Clear the area, we have a fresh deluge of Palin info coming our way -- most of it straight from her lipsticked mouth (fine, via People magazine).
But first, a follow-up to yesterday's big makeover reveal, when we learned the devil-hater wears Prada (and Escada! And whatever else comes from Saks, Barneys and Neiman-Marcus). Some of those who paid for those clothes -- GOP donors -- hope a shirt or two are still unwashed and with tags. Because they want their money back.
Others are all for the new clothes, basically arguing our point (in comments from yesterday) that her look and appearance are a significant part of her appeal (we're not saying it's right, we're just saying it's so). Palin's aides are also defending another of yesterday's Daily Palin-isms, charging the state for her travel.
Let's move on to the new stuff:
Palin calls herself an intellectual and says she's up on current events.
She says she's "voracious reader," and likes autobiographies, "historical pieces, anything and everything."
She reads books about sled dog races by Alaska natives to her kids. That and nursery rhymes.
Five is enough in terms of kids, but she regrets that means never having a son named "Zamboni." (Bristol? Are you taking suggestions?)

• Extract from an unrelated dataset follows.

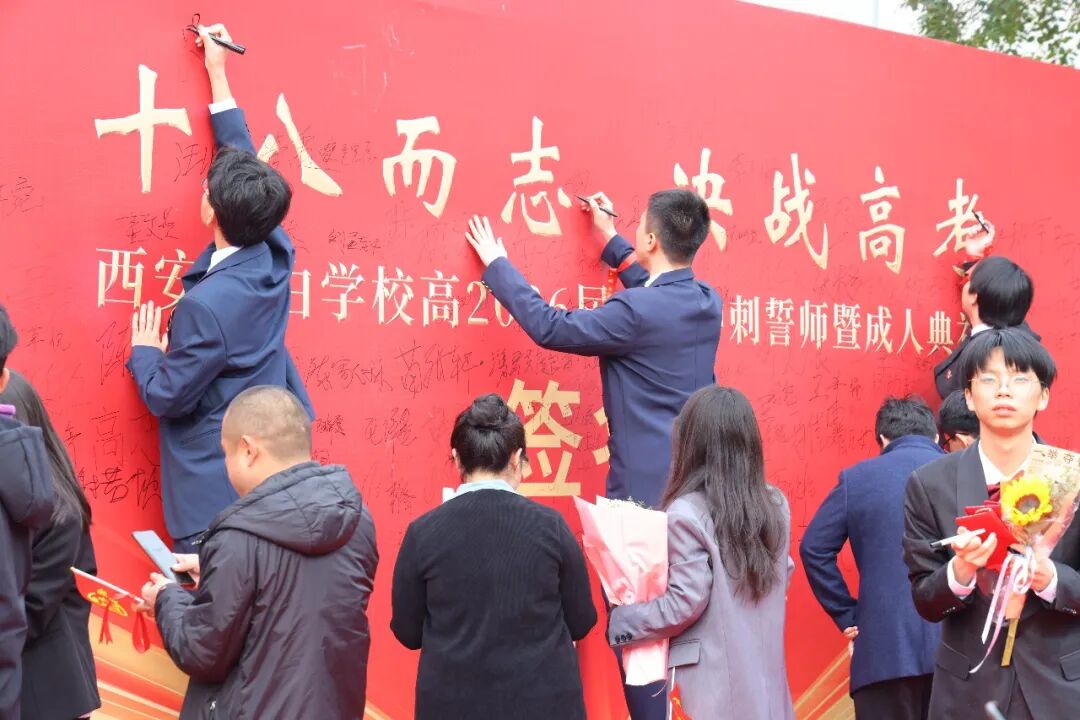 在跨越成人门之前,学子们郑重地在签名墙上落下名字,笔尖游走间,签下的不仅是姓名,更是一份对十八岁的庄严承诺。

Speaking of Bristol, she's a smart girl, according to mom, who hopes her girl will marry before next summer.
And more, much more.
Palin's interview with Evangelical leader Dr. James Dobson revealed a certain lack of current events knowledge regarding her running mate's stance on stem-cell research, constitutional bans on gay marriage and other favorite topics for conservatives. Which is a little long and winding for straight talk expressed.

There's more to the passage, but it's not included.